In a big picture, the solar energy cost is reducing and competitive with other energy sources. A recent soar of new solar farm installation thanks to continuing price reduction of the panels. For IoT application, solar energy provide a unique option that no other source can: small footprint, simple and remote/standalone setup. This post will not go in depth on technicality of solar energy system but rather how to get one simple system running in a short time, just for fun.

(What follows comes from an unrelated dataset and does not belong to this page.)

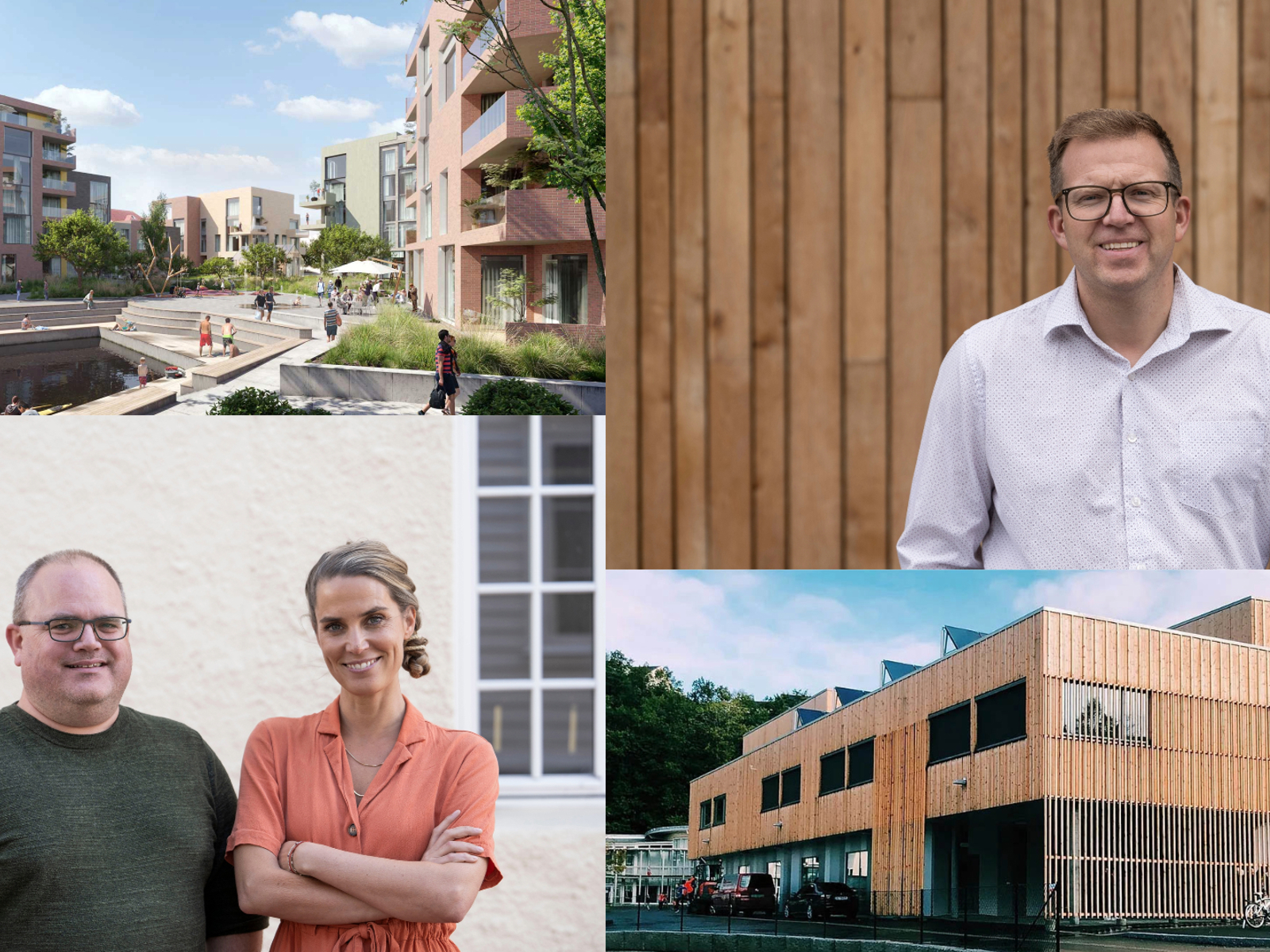 Øverst til venstre: Svankevigå i Stavanger, tegnet av Stav arkitekter. Nederst til venstre: Henning Bøe, daglig leder og Evy Eftestøl, partner i Stav. Øverst til venstre: Stein Åge Fuglestveit, arkitekt og senioringeniør i Drag. Nederst til høyre: Frøysland flerbrukshall, prosjektert av Drag.

Four components for IoT systems are:
This is not a straight forward approach. Most often, it starts with the client or end-user energy requirement. For example, you need to run a device for one day or three days. This certainly is an oversimplification. Let start with a device that requires about 200mA, 3.3V running, and and 3-day operation in case there is no sunshine. The energy needed is:
$$E(Ws) = 0.2(A)*3600(s/h)*72(h/3days)*3.3(V) = 171072(J)$$
Assume that the net energy stored in the battery with 90% efficiency, and another 75% is the efficiency converting from the solar panel to charge to the battery. The battery requirement is:
$$(171072(Ws)/0.9)/3.7(V)/(3600s/h) = 14(Ah)$$
or for 2000mAh cell such as 18650, you need 7 cells. Remember, 7 cells to run a device that requires only 200mA for 3 days. Also, the energy needed to fully charged the 14Ah battery is:
$$14(Ah)/0.75 = 18Ah$$
Secondly, the variation of solar flux introduces another layer of uncertainty. The flux is not the same in every location on the Earth's ground, and not every time for one location. Even with one location, the angle or dilatation of the panel directly leads to a different amount of energy harvested. For a simple approach, let say you went out and bought a 20W solar panel for $15.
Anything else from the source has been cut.